Sections & Section Groups

This is great, but the OneNote Hierarchy also has sections, section groups and pages - and to make things more complicated Section Groups can contain Sections or other Section Groups, so we will need some recursive helpers to parse the whole tree.

def getSections(notebook):
    sections = []
    sectionGroups = []
    for section in notebook:
        if (section.tag == NS + "SectionGroup"):
            newSectionGroup = parseAttributes(section)
            if (section.getchildren()):
               s, sg = getSections(section)
               if (sg != []):
                  newSectionGroup['sectionGroups'] = sg
               if (s != []):
                  newSectionGroup['sections'] = s
            sectionGroups.append(newSectionGroup)

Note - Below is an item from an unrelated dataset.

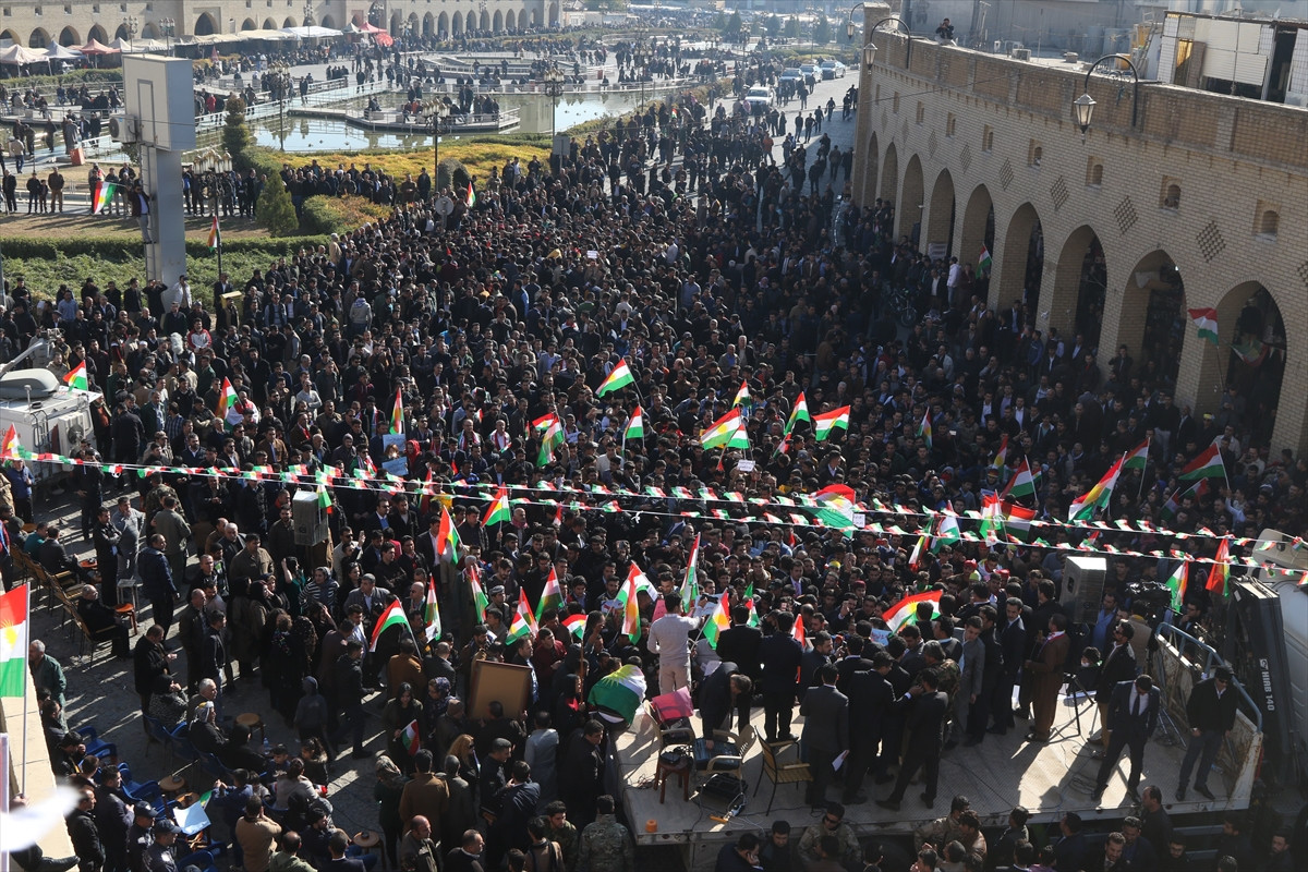 Ellerinde IKBY bayrağı bulunan ve Abdulvahid karşıtı sloganlar atan göstericiler, söz konusu milletvekili hakkında en kısa zamanda soruşturma açılmasını istedi.

        if (section.tag == NS + "Section"):
            newSection = parseAttributes(section)
            if (section.getchildren()):
               newSection['pages'] = getPages(section)
            sections.append(newSection)

    return sections, sectionGroups

 

 

You'll also want to go back and edit the getHierarchy method so that it calls getSections and adds the sections and section groups as children of the notebook. We also have a special case here we might want to handle - the Recycle Bin. The recycle bin is a normal section group, with the isRecycleBin attribute set to true. It's highly likely that you want to exclude the RecycleBin from normal Section operations, so we store it as a separate recycleBin property on the notebook, instead of with the other children. 

 

def getHierarchy():
    oneTree = ElementTree.fromstring(onapp.GetHierarchy("",win32com.client.constants.hsPages))
    notebooks = []
    for notebook in oneTree:
        nbk = parseAttributes(notebook)
     
        if (notebook.getchildren()):
           s, sg = getSections(notebook)
           if (s != []):
               nbk['sections'] = s

           for i in range(len(sg)):
               if ('isRecycleBin' in sg[i]):
                  nbk['recycleBin'] = sg[i]
                  sg.pop(i)
           if (sg != []):
               nbk['sectionGroups'] = sg
           
        notebooks.append(nbk)
    return notebooks 

Pages & Metadata

Now, we just need to add some helpers to parse pages & metadata in a similar manner. Like Section Groups & Sections, pages also have multiple levels of hierarchy called sub-pages. Unlike section groups & sections, sub-pages are not stored as children of pages - they have a pageLevel attribute which defines how 'deep' in the hierarchy they are. This makes things a lot simpler, since we don't need to recurse as much.

def getPages(section):
     pages =[]
     for page in section:
         newPage = parseAttributes(page)
         if (page.getchildren()):
             newPage['meta'] = getMeta(page)
         pages.append(newPage)
     return pages



def getMeta (page):
    metas = []
    for meta in page:
        metas.append(parseAttributes(meta))
    return metas

 

And we're almost done! Now you have the entire XML hierarchy as a set of Python lists & dictionaries which are much easier to manipulate. If you want to give this a spin, create a new .py file in the same folder as your onepy.py file & add the following code:

import onepy
notebooks = onepy.getHierarchy()
for section in notebooks[0]["sections"]:
    for page in section["pages"]:
        print(page["name"])

This snippet will print the name of every page in every section in the first notebook

Converting Lists to Json

And finally, let's convert this Pythonic data structure into some JSON. This is the easy part - the json library in Python will seralize any native python data structures into JSON, so its just a matter of importing the library and calling the appropriate function.

import json
def getHierarchyJson():
    return(json.dumps(getHierarchy(), indent=4))

 

 

Now, you're code should look like this

I'm working on creating a OneNote Object Model for Python (much like the C# version) , so that you can just import the module and work with your OneNote data directly as Python objects. That way, you can avoid worrying about serializing data to XML and interfacing with the COM API, and focus on building powerful add-ins. I'll post another tutorial with instructions when its done.